Data to examine:
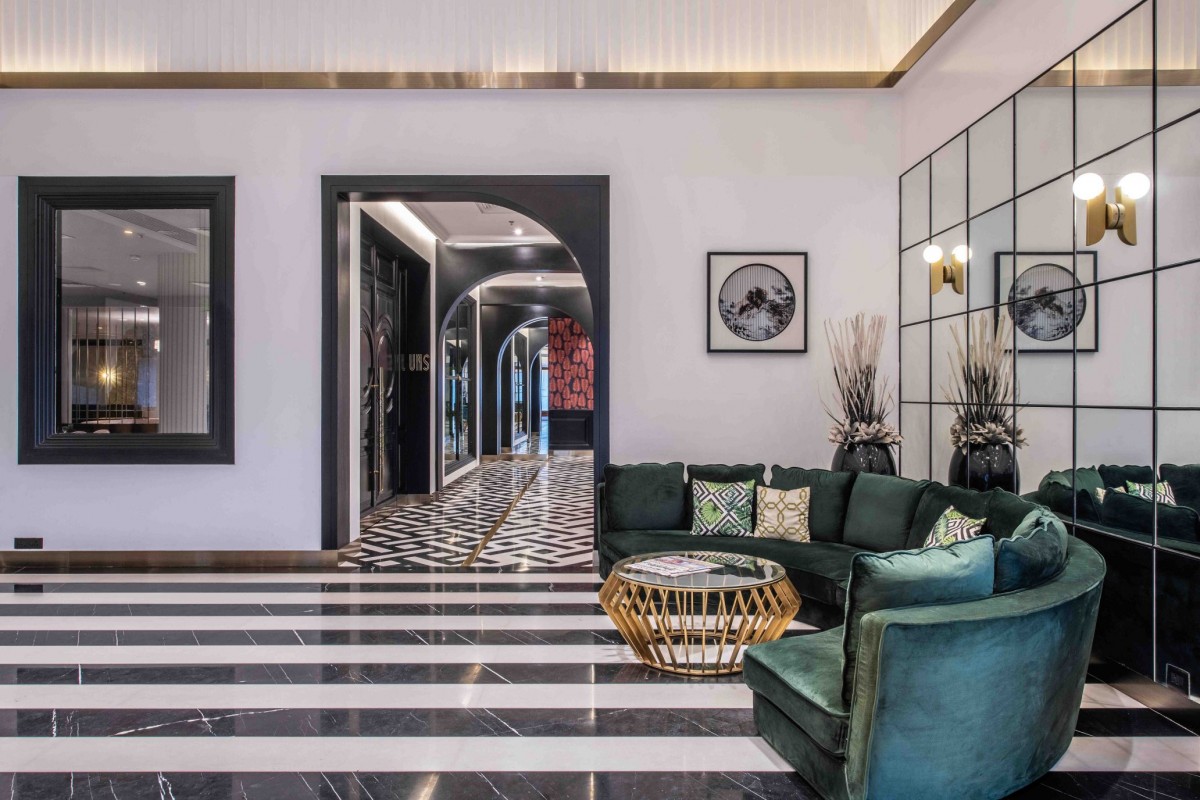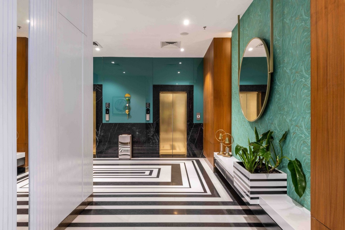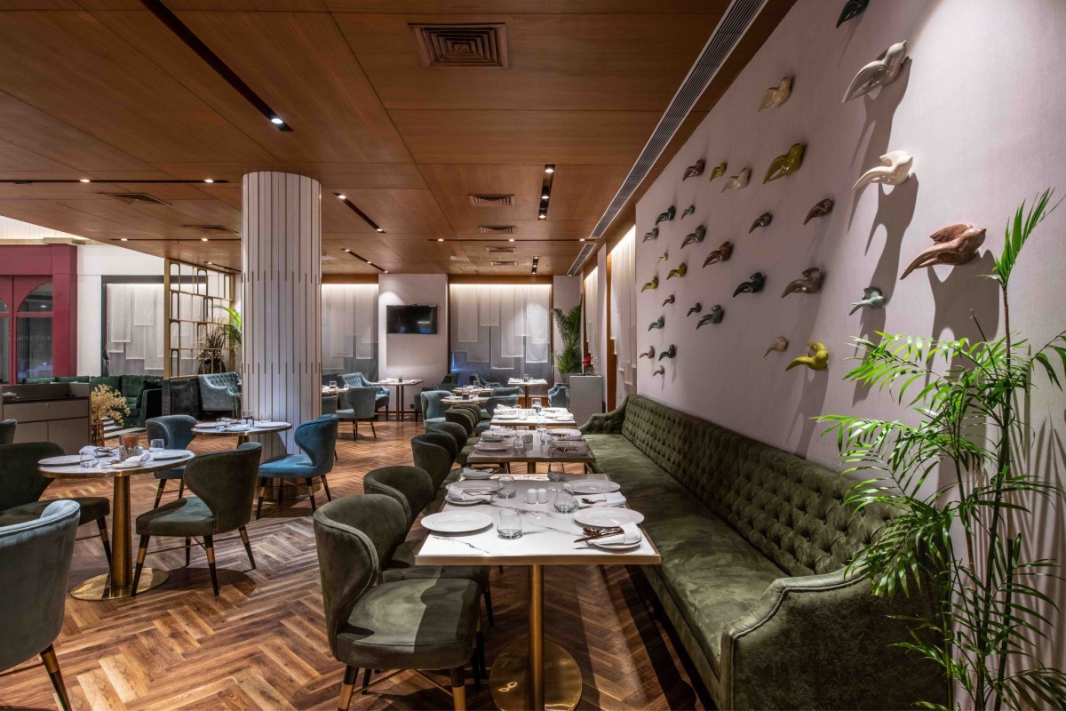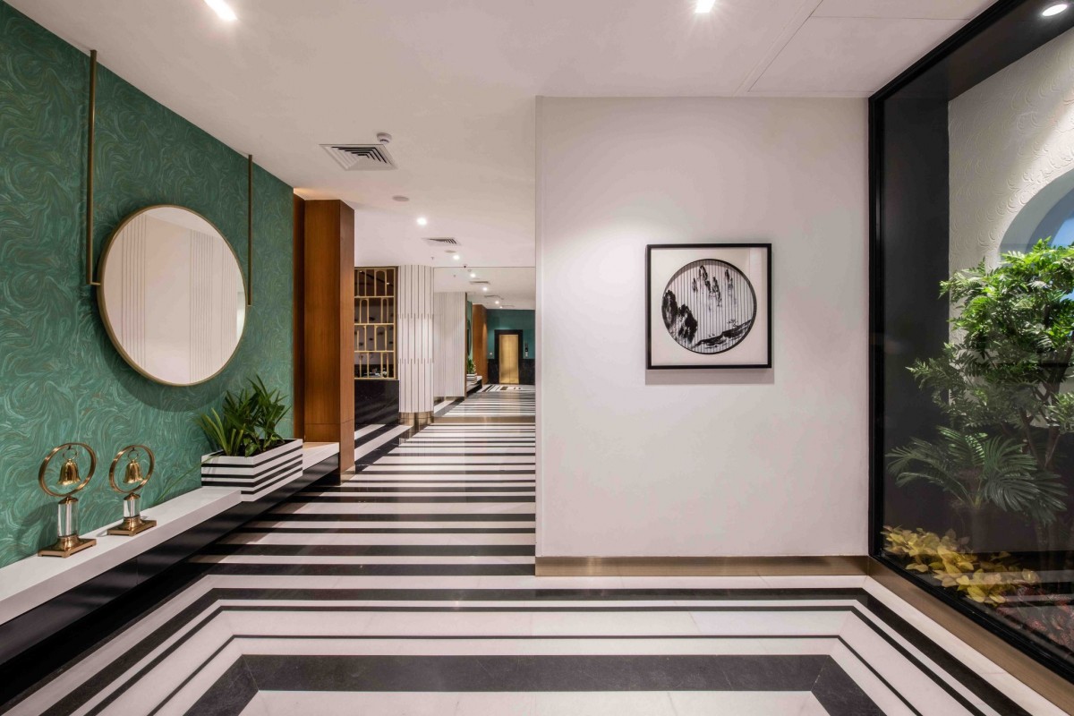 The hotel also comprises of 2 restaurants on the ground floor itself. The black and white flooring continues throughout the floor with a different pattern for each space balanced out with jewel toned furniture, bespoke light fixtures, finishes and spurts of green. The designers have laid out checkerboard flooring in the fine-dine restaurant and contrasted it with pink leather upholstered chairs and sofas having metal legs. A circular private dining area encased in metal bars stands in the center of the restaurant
...
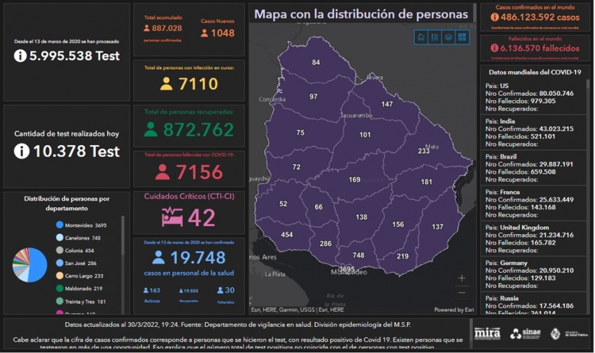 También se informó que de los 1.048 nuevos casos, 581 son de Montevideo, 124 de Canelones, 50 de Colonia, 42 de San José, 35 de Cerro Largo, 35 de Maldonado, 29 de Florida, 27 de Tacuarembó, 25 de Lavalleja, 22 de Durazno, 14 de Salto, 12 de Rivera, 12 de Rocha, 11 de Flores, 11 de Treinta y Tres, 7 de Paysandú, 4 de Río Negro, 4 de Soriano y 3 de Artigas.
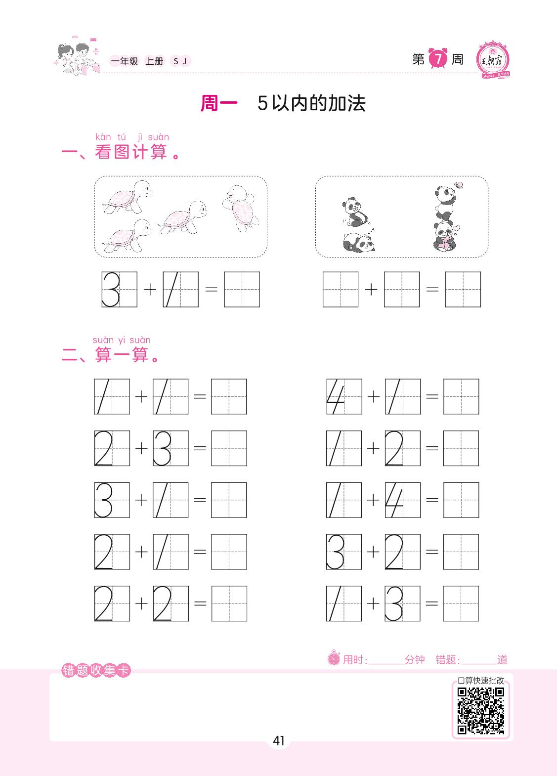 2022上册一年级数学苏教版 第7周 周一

Problem to work on: In the data above, start at the line holding "También se informó" and stop after the line holding "2022上册一年级数学苏教版 第7周 周一"; write out those lines exactly, without pictures.

Output below:
 También se informó que de los 1.048 nuevos casos, 581 son de Montevideo, 124 de Canelones, 50 de Colonia, 42 de San José, 35 de Cerro Largo, 35 de Maldonado, 29 de Florida, 27 de Tacuarembó, 25 de Lavalleja, 22 de Durazno, 14 de Salto, 12 de Rivera, 12 de Rocha, 11 de Flores, 11 de Treinta y Tres, 7 de Paysandú, 4 de Río Negro, 4 de Soriano y 3 de Artigas.
 2022上册一年级数学苏教版 第7周 周一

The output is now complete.